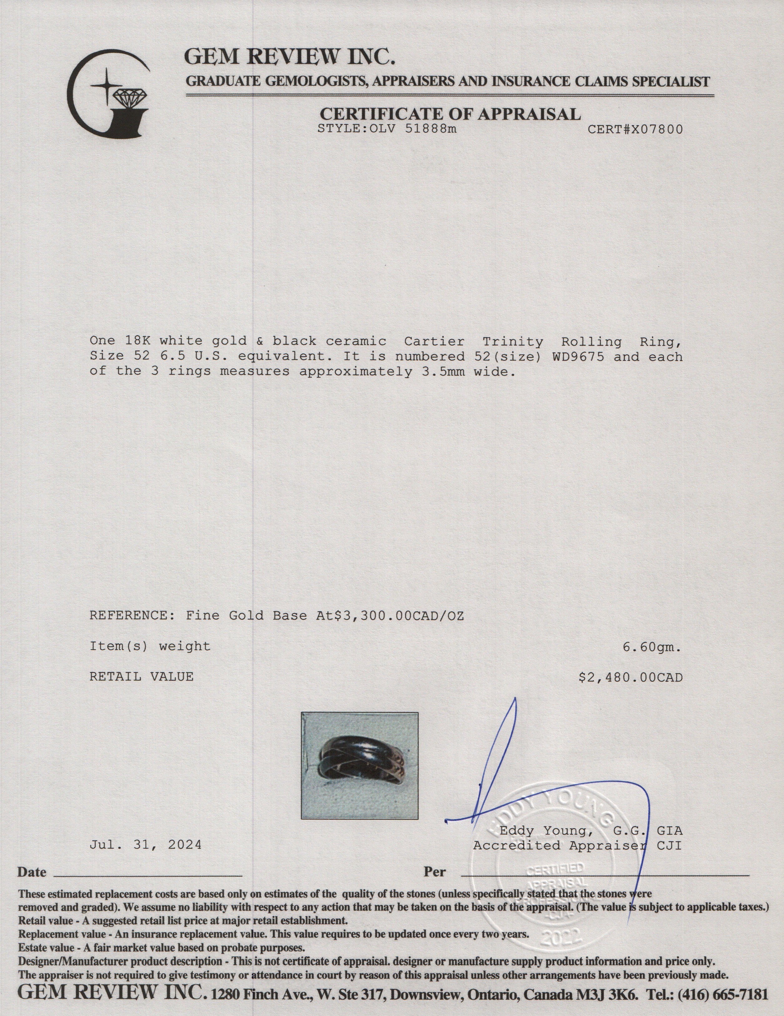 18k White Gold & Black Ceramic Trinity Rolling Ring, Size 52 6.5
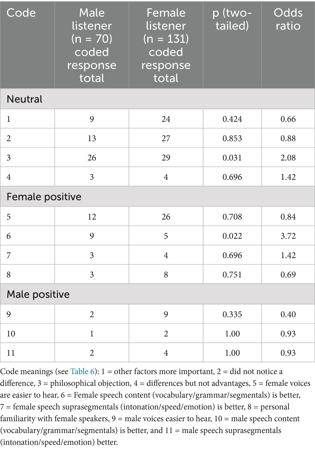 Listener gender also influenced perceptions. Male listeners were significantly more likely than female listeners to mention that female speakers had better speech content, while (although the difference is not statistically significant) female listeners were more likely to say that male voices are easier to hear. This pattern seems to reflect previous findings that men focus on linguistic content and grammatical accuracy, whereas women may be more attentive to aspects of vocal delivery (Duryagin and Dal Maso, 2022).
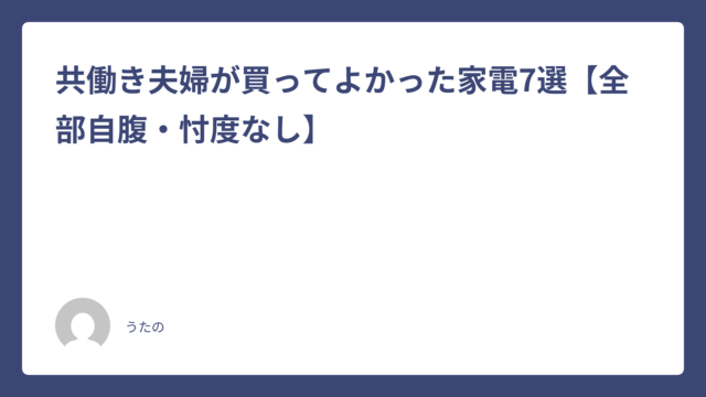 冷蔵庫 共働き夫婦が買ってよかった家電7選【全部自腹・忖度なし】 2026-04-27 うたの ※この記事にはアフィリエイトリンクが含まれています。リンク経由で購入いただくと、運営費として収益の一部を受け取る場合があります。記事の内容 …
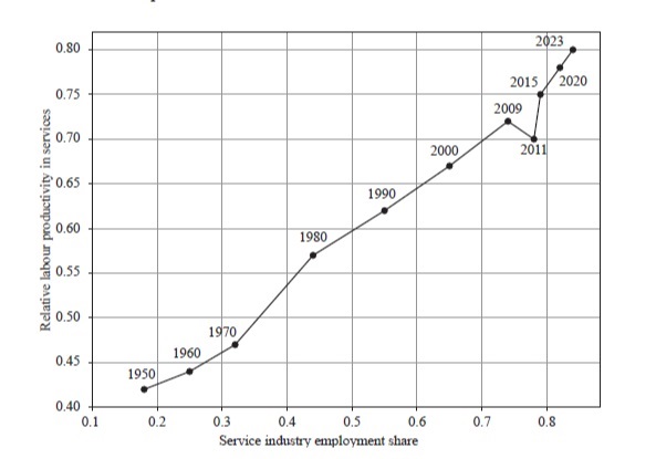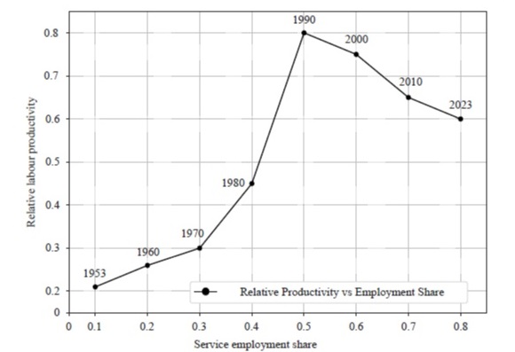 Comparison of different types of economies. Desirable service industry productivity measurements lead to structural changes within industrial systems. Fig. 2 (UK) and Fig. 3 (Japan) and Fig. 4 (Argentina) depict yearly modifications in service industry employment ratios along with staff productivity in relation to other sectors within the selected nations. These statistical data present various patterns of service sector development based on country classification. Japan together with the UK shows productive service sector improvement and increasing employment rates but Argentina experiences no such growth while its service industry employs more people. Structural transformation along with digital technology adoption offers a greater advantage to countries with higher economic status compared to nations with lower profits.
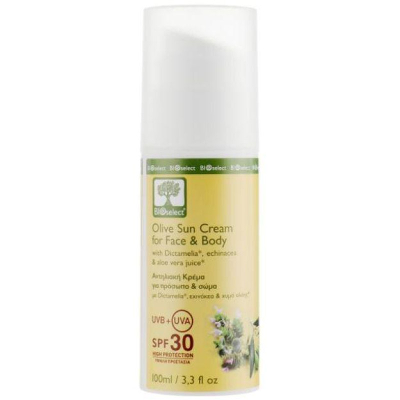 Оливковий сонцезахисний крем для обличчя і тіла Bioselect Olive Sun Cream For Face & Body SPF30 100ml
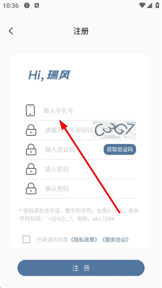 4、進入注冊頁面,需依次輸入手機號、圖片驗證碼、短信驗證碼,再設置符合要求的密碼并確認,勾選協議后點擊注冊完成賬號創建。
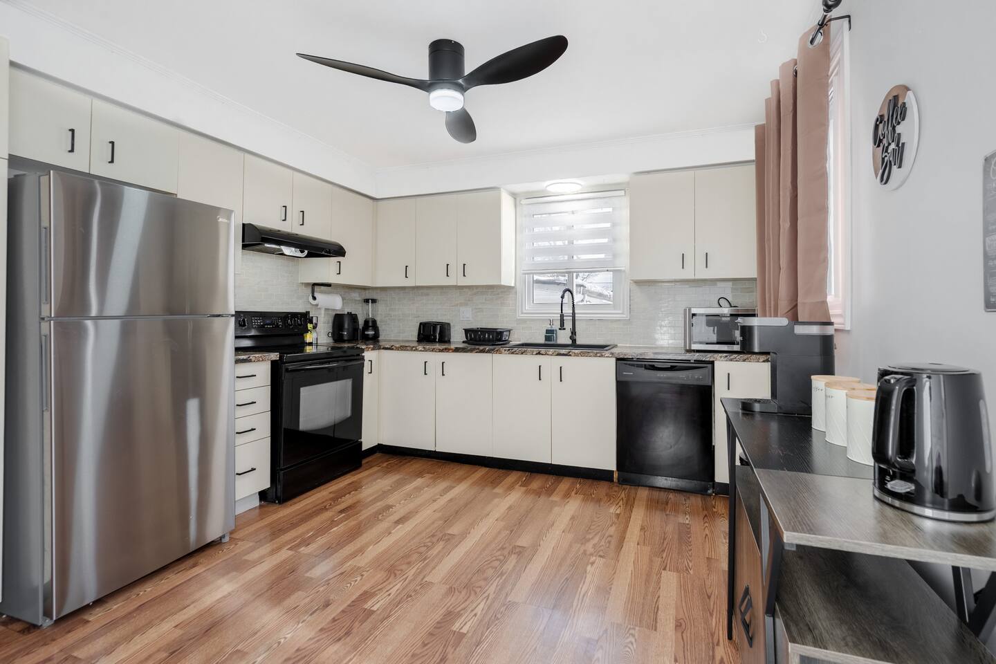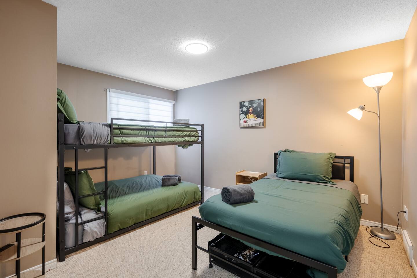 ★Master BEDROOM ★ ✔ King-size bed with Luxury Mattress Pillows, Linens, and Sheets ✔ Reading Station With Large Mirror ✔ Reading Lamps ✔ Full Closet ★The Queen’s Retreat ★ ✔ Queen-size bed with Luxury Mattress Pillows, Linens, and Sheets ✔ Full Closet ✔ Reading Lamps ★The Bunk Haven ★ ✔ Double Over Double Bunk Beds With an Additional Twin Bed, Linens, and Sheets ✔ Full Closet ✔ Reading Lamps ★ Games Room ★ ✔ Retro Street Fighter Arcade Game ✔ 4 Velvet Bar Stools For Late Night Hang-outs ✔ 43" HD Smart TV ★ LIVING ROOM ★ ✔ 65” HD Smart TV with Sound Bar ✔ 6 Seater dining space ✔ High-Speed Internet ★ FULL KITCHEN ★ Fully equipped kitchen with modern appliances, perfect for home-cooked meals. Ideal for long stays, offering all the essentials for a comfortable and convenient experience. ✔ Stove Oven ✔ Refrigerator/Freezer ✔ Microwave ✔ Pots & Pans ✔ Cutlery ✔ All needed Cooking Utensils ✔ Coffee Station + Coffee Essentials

=-=-=

Reproduce word for word, with pictures dropped, only the part of the material above that opens with the line containing "Listener gender also" and closes with the line containing "冷蔵庫 共働き夫婦が買ってよかった家電7選【全部自腹・忖度なし】 2026-04-27".

# [Exercise response]
 Listener gender also influenced perceptions. Male listeners were significantly more likely than female listeners to mention that female speakers had better speech content, while (although the difference is not statistically significant) female listeners were more likely to say that male voices are easier to hear. This pattern seems to reflect previous findings that men focus on linguistic content and grammatical accuracy, whereas women may be more attentive to aspects of vocal delivery (Duryagin and Dal Maso, 2022).
 冷蔵庫 共働き夫婦が買ってよかった家電7選【全部自腹・忖度なし】 2026-04-27 うたの ※この記事にはアフィリエイトリンクが含まれています。リンク経由で購入いただくと、運営費として収益の一部を受け取る場合があります。記事の内容 …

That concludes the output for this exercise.